Q: What is an unreasonable expense?
A: Any requirement to pay a fee to the local authority for a permit to be allowed to install an antenna would be unreasonable because such permits are generally prohibited. It may also be unreasonable for a local government, community association or landlord to require a viewer to incur additional costs associated with installation. Things to consider in determining the reasonableness of any costs imposed include: (1) the cost of the equipment and services, and (2) whether there are similar requirements for comparable objects, such as air conditioning units or trash receptacles.

I'm citing [Satellite Installer blocked] for problems during this time period in terms of harassment and undo emotional stress. No legal charges against [BLOCKED] will be made at this time. I ask once again that you have reviewed this contract with {BLOCKED} and suggest at the end of this contract, you terminate all services with {BLOCKED} as per my previous complaint. Please note that {BLOCKED} is not responsible for his harassment but is responsible for maintaining an environment which is not hostile to the tenants. I did not see any contract and {BLOCKED} actions could be interpreted as extortion.

Beginning February 6 my dish will be going up on my deck areas which I have access too and nobody else does. The dish will not be removed. No modifications will be made to the building and I will ask for building supervisor {NAME BLOCKED} to make sure that the necessary building codes are enforced. If {BLOCKED} hampers my installation in any way, I will respond by submitting the OTARD rules to him. {MANAGEMENT COMPANY} is responsible for the actions of {BLOCKED}. You will be contacted and you will have to respond to his issue. Under the FCC rules {BLOCKED} cannot interfere with my personal property or my ability to receive a signal.

I didn't wish to cause an issue with this but I take this in defense of my rights to do what I want to do here. I'm not violating any rules here and have complied with all guidelines set by {APARTMENT BLOCKED}. This issue is now resolved. I wish to thank {NAME BLOCKED} for his help and for interpreting the situation. Thank you for your time.

Sincerely
-----------

Straight and to the point I say


----------



## olgeezer (Dec 5, 2003)

Nice letter. If the dish is going up february 6 why don't you give us a followup


----------



## facerw (Feb 1, 2005)

As of 12:00 PM today management has responded.

I'm to immediately remove my dish from the property. If I continue to obey, the landlord has the right to remove the dish. Plus my rent will increase by $50. Finally I'm not to be living here after my lease is up.

I'm taking this to court. No doubt about it. I'm working on talking with a lawyer.


----------



## Jacob S (Apr 14, 2002)

I would do everything you could in you and your lawyer's power. Make sure you get your deposit back. Better yet if you have to move make them pay your moving expenses plus pay for your time and hassle. If it was me I would tell them that plus tell them that they can save the hassle of waiting and just give me my deposit and moving expenses now since they dont know how to obey the law.


----------



## Cheyenne (Apr 23, 2002)

May want to review your lease closely.

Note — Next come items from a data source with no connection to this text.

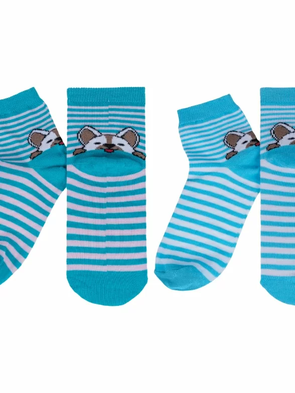 Комплект детских носков бренда VASILINA: с принтом в полоску и изображением собачки над пяткой. Подойдут мальчикам и девочкам для прогулок и детского сада в демисезонный период.
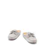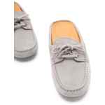 grey gold-tone eyelets slip-on style rubber pebbled sole round toe Suede leather sabot-loafers
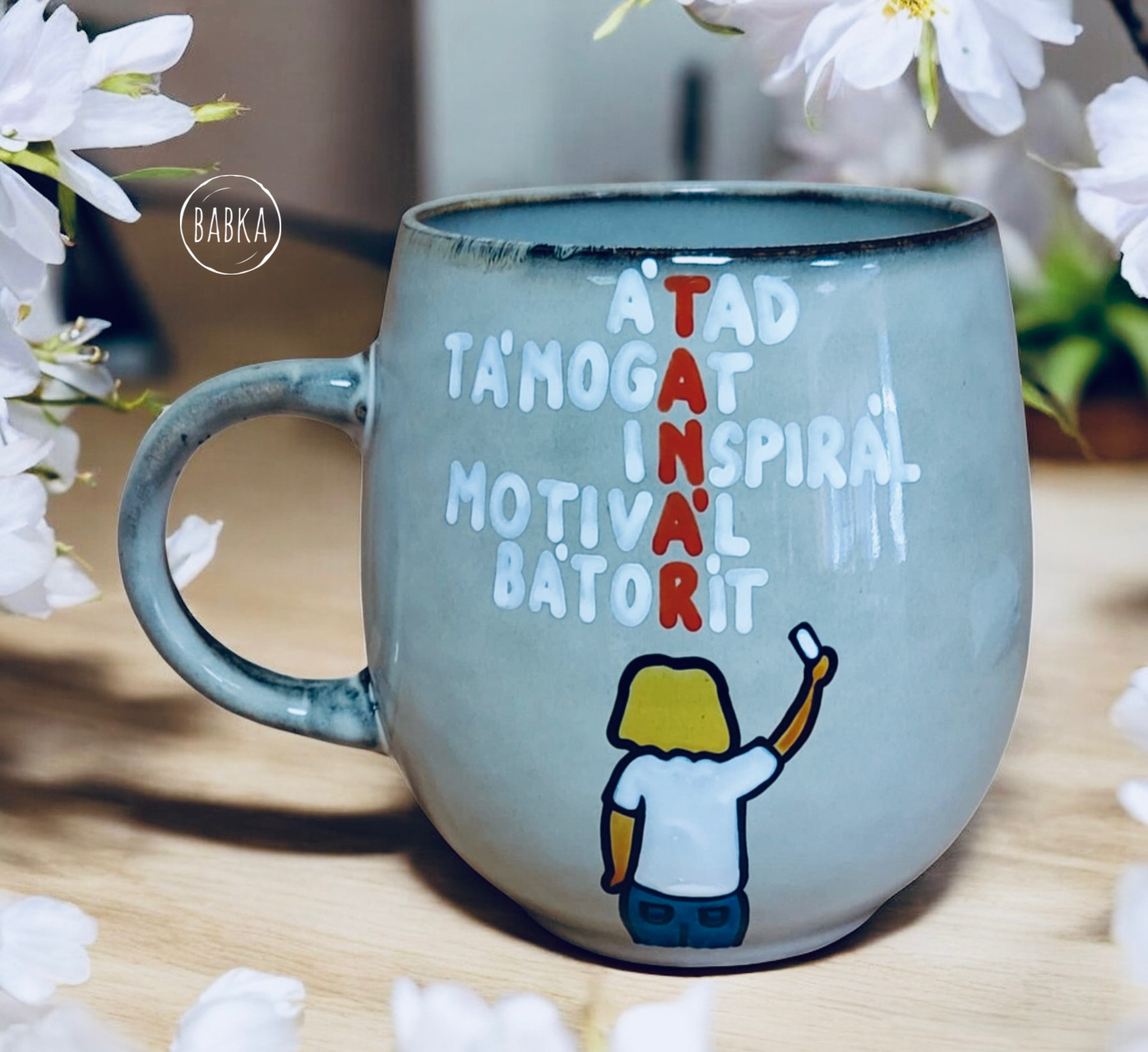 Kézzel festett, egyedi termék. Néhány megjelölt termék kivételével soha nem használunk sablonokat, minden szabad kézzel zajlik. Kérheted különböző variációkban is, egyedi névre szóló feliratokkal, vagy a minta megváltoztatásával is, de tekinthetsz a termékre inspirációként, és megálmodhatsz egy teljesen rád szabott koncepciót. Több mint 800 saját termékünk van, tehát biztosan tudunk majd segíteni. :) Összeállíthatsz saját szetteket is természetesen. Ha nehezen igazodsz el a rengeteg kerámia és porcelán között, akkor ne érezd magad kellemetlenül, ha írsz nekünk! 😊 Mi is elveszünk néha sok mintában, természetes dolog, ha kérdezni szeretnél. A termékeket kézzel festjük, szárítjuk, hőkezeljük, ami időigényes folyamat, de ennek ellenére a 24 órás expressz kiszállításnak hála a legtöbb esetben 3-4 nap alatt meg is kapod a kiválasztott darabokat. A maximum kiszállítási időnk 10 munkanap, de ez ritkán fordul elő, és általában akkor, ha sok darabból álló teljesen egyedi kivitelezést kérsz. Ha nagyon sietned kell, akkor válaszd az SOS kiszállítást, mint feláras szolgáltatást. Ha SOS kiszállítást kérsz, akkor minden más munkát félreteszünk, és azonnal nekilátunk a tiédnek, hogy 1-3 nap alatt megkapd. Tipp: Ha nagyon sürgős, akkor írj nekünk messengeren, ahol gyorsan egyeztethetjük a részleteket, és igyekszünk segíteni, hogy az ajándékozás jól sikerüljön. A termékekhez kérhetsz extrákat, mint díszcsomagolást, a tányérokhoz fali akasztót vagy állványt (Bögrék esetében, ha az állvány opciót bejelölöd, akkor egy fém akasztó kampót teszünk a csomagba.), üdvözlő kártyát, ami egy egyedileg szövegezhető, tartós alumínium kártya (nem papír). Ha bármilyen probléma lenne a rendeléseddel, akkor írj nekünk mielőbb. Fontos tudnod, hogy soha és semmilyen esetben nem érhet kár nálunk! Írj nekünk emailt a hello@babkamanufaktura.hu email címre, és maximum néhány nap alatt releváns választ adunk. Ha sürgős, akkor pedig válaszd a messengert! Ha nagyobb mennyiséget rendelnél viszonteladásra, rendezvényre, tudunk adni egyedi árajánlatot (min. 20 darab tétel előre kifizetett megrendelésétől). Számos kávézó, cukrászda, esküvő, céges buli lett egy kicsit emelkedettebb a Babka termékeitől. Bár kézenfekvő lenne, hogy emailben jelzed az igényt, mégis válaszd inkább ez esetben is a messengert, mert sokkal dinamikusabban tudunk ott egyeztetni. Figyelj, hogy jelentkezz be az üzenet küldésénél, és ne vendégként írj, mert az elveszhet. Nézz körül az oldalon! Bármilyen kérdés, kérés esetén, írj Babkának az oldalon található messenger ikon segítségével, vagy a megadott egyéb csatornák egyikén. (Minden egyéb kérdés tekintetében megtalálod oldalunkon ÁSZF-ünket is.) Ne feledd! A Babkával átadott üzenetekre még évekig emlékezni fognak, és érezni fogják, hogy időt is, kreativitást is áldoztál rájuk. Nem csak letudtad a „feladatot” egy sablonos megoldással. Köszönjük, hogy itt vagy! Jó válogatást, tervezést kívánunk!

I recall some apartment leases will sneak in text
that basically gets the tenants to waive their rights concerning satellite dishs. I'm in a complex that allows dishs only if a rider is signed. Simply puts stipulations concerning the installation. Can't be mounted to structure, no holes drilled. I use the pole in bucket method with a flat wire under door with no problems. I've heard that why some apartment managements are so adament about no dishes is because the developer had the local
cable company wire the building at their expense, therefore the motive for "no dish" policy.
We do have the right to waive our rights, I guess?
Best of Luck....


----------



## Jacob S (Apr 14, 2002)

Are they allowed to do that seeing how the law states that he has the right to put that dish up? Isn't it against the law in itself making someone waive their rights to have a satellite dish? Maybe they contacted the FCC and made a point to them and then they sent you a letter stating what was going to happen to you as a result.


----------



## Cheyenne (Apr 23, 2002)

If he signed an legally binding contract stating that sat dishes are not permitted, then he is agreeing to contract terms setforth.
No one made him sign. If one does not agree to the terms of contract, do not sign and look for a more satellite friendly apartment. I really doubt the FCC knows what the agreed contract terms were.
The FCC would simply be dictating regulation (not rights). Don't get me wrong, I really do hope "facerw" has a case here. I love DBS and hate it when organizations use deceptive business practices.
Gosh, it looks like they may even have a clause in lease that allows them to fine him $50/month by not abiding to the terms until the lease terminates. Kind of what those darn HOA's do, huh?
BTW - He could choose to ignore these threats. Some management styles are designed to do just that (threat) in the belief that most will follow. A cool down period may be needed. Go ahead and watch and enjoy the SuperBowl.


----------



## facerw (Feb 1, 2005)

FIrst and foremost thank you for the comments.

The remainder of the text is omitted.